We thank the reviewers for requesting further articulation of mechanism(s), which was precluded by the word limit for the short article format. The paragraph below and model figure have been introduced in the revised text, which we hope will help the reader envision how histone replacement might occur.

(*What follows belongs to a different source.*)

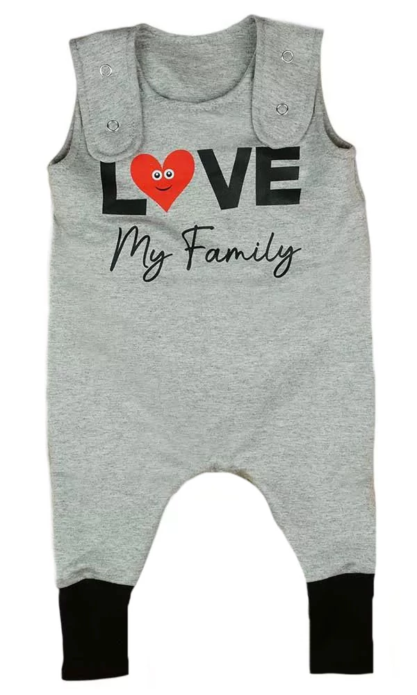 Love my family feliratos ujjatlan rugdalózó. A feliratos baba ujjatlan rugdalózó anyaga 100% pamut, mintája anyagba nyomott, tartós. A könnyű öltöztetést elősegítendően az ujjatlan rugdalózó vállon patentos. A termék nem tartalmaz nikkelt, az ujjatlan rugdalózónál használt patentok nikkelmentesek, így nem okoznak allergiás reakciót az arra érzékeny babáknál. Magyar termék.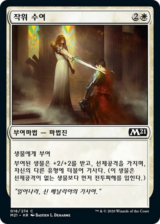 | Rules | Enchant creature Enchanted creature gets +2/+2, has first strike, and is a Knight in addition to its other types. (It deals combat damage before creatures without first strike.) |

“Within the nucleosome core particle each H2A-H2B dimer is stabilized by histone-DNA interactions (at three minor groove locations: SHL3.5, SHL4.5 and SHL5.5) and histone-histone interactions (α2 and α3 helices of H2B interact with α2 and α3 helices of H4 in a four-helix bundle). For histone exchange, SWR1 must disrupt either one or both of these interactions, coordinated with H2A.Z-H2B deposition. This might be initiated by transient, confined DNA translocation by the SWR1 ATPase essentially as indicated for other remodelers (Clapier and Cairns, 2009, Mueller-Planitz et al., 2013), but without propagation as histone exchange is not accompanied by repositioning of the histone octamer on DNA. Alternatively, histone replacement could be initiated by a local, ATP-driven DNA conformational change near SHL2 that alters the path of the DNA superhelix, resulting in destabilization of H2A-H2B contacts with DNA or with the H3-H4 tetramer (Figure 3–figure supplement 2B).”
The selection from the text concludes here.